Assignment → All the data should be repeated exactly. Any image in it is left out.

Raw data →
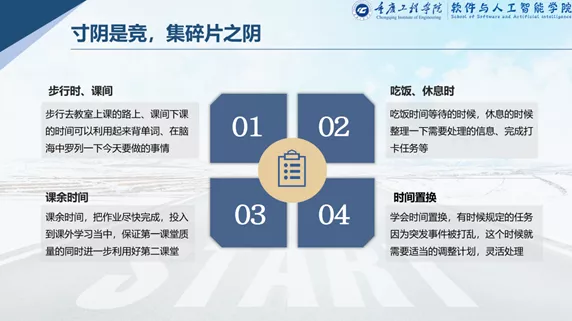 我们一定要有时间观念,因为每天的时间是有限的,我们一定要在有限的时间里把要做的事情做好。争取把每天的碎片时间(步行上课和课间时间、吃饭和休息时间、还有课余活动时间)都可以利用起来学习,但要注意事情的轻重缓急。
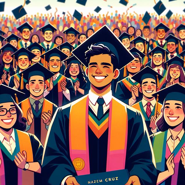 ChatGPT: In the scene, there is a crowded graduation ceremony where many individuals are receiving their associates degrees in transportation and materials moving. Among the graduates, there is a prominent figure named Cruz who is surrounded by a group of cheering friends and family, showing the popularity of the first name Cruz in this particular field of study.
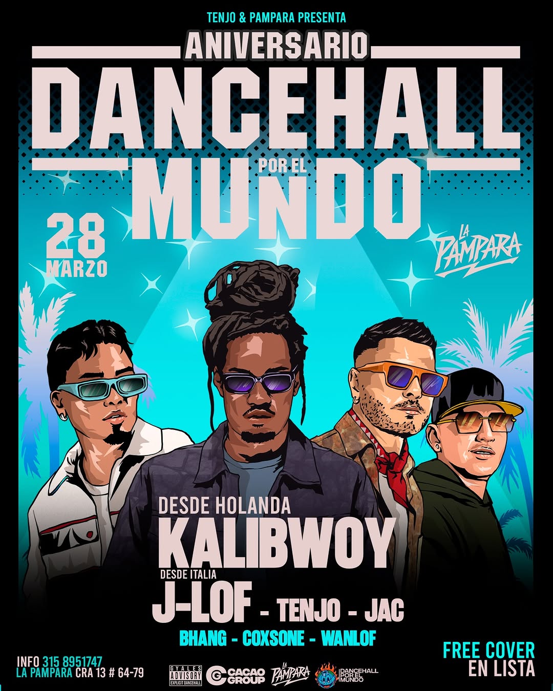 Aniversario Dancehall por el Mundo es una fiesta de dancehall que celebra este género con invitados internacionales y talento local en La Pampara. En este evento se presentan artistas como Kalibwoy y J-Lof junto a Tenjo y otros exponentes, creando una noche de baile intenso y energía caribeña ideal para amantes del dancehall en Colombia. Una experiencia perfecta para disfrutar música en vivo y cultura urbana.

Task result →
 我们一定要有时间观念,因为每天的时间是有限的,我们一定要在有限的时间里把要做的事情做好。争取把每天的碎片时间(步行上课和课间时间、吃饭和休息时间、还有课余活动时间)都可以利用起来学习,但要注意事情的轻重缓急。
 ChatGPT: In the scene, there is a crowded graduation ceremony where many individuals are receiving their associates degrees in transportation and materials moving. Among the graduates, there is a prominent figure named Cruz who is surrounded by a group of cheering friends and family, showing the popularity of the first name Cruz in this particular field of study.
 Aniversario Dancehall por el Mundo es una fiesta de dancehall que celebra este género con invitados internacionales y talento local en La Pampara. En este evento se presentan artistas como Kalibwoy y J-Lof junto a Tenjo y otros exponentes, creando una noche de baile intenso y energía caribeña ideal para amantes del dancehall en Colombia. Una experiencia perfecta para disfrutar música en vivo y cultura urbana.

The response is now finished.